The proposed methodology can be applied to characterize playlists in terms of popularity and semantic diversity, allowing the comparative analysis of human-generated and algorithm-generated playlists in different contexts such as historical periods, platforms and musical genres. We find extremely valuable to compare different playlist datasets, as it allows to understand how changes in the listening experience are affecting playlist creation strategies.
This repository contains code to reproduce the results of our paper.
Lorenzo Porcaro, Emilia Gómez (2019). 20 Years of Playlists: A Statistical Analysis on Popularity and Diversity. Paper to be presented at the 20th Conference of the International Society for Music Information Retrieval (ISMIR 2019), Delft, The Netherlands, 4-8 November.

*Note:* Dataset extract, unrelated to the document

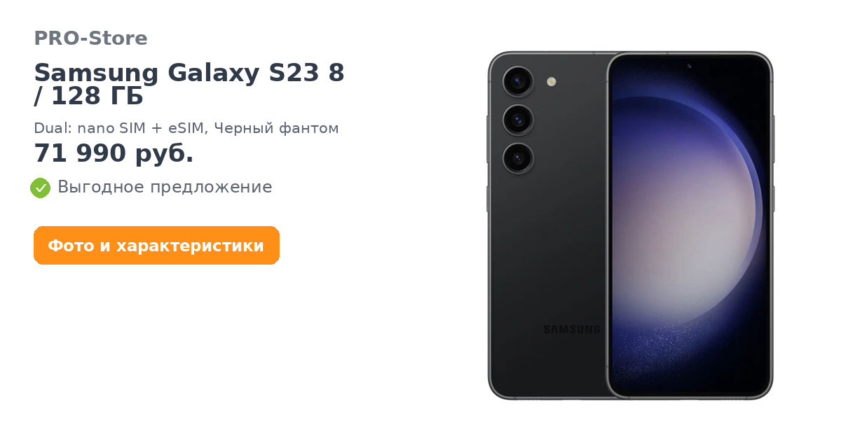 Смартфон Samsung Galaxy S23 8/128 ГБ, Dual: nano SIM + eSIM, Черный фантом

lorenzo.porcaro at gmail.com
git clone https://github.com/MTG/playlists-stat-analysis.git
cd playlists-stat-analysis/src/
git clone https://github.com/oliviaguest/gini
Create a virtual environment (tested on Python 3.5), then launch the following command for installing the dependencies (be sure to be in the src
folder):
pip install -r requirements.txt
It lasts between 5 and 10 minutes, and it is needed around 2GB of free disk
mkdir ../data
./download_datasets.sh
Check data/README.md
For Last.fm tags and tags embeddings write to
lorenzo.porcaro at gmail.com
For instance, to analyze AOTM dataset launch the following commands:
python playlist_popularity.py -d AOTM
python playlist_diversity.py -d AOTM
python playlist_qualia.py -d AOTM
Plot tag-embeddings using t-SNE algorithm:
python plot_embeddings_tsne.py -d AOTM
In the case of CORN dataset, playlist_diversity.py
lasts ~20 min, due to longness of average playlist.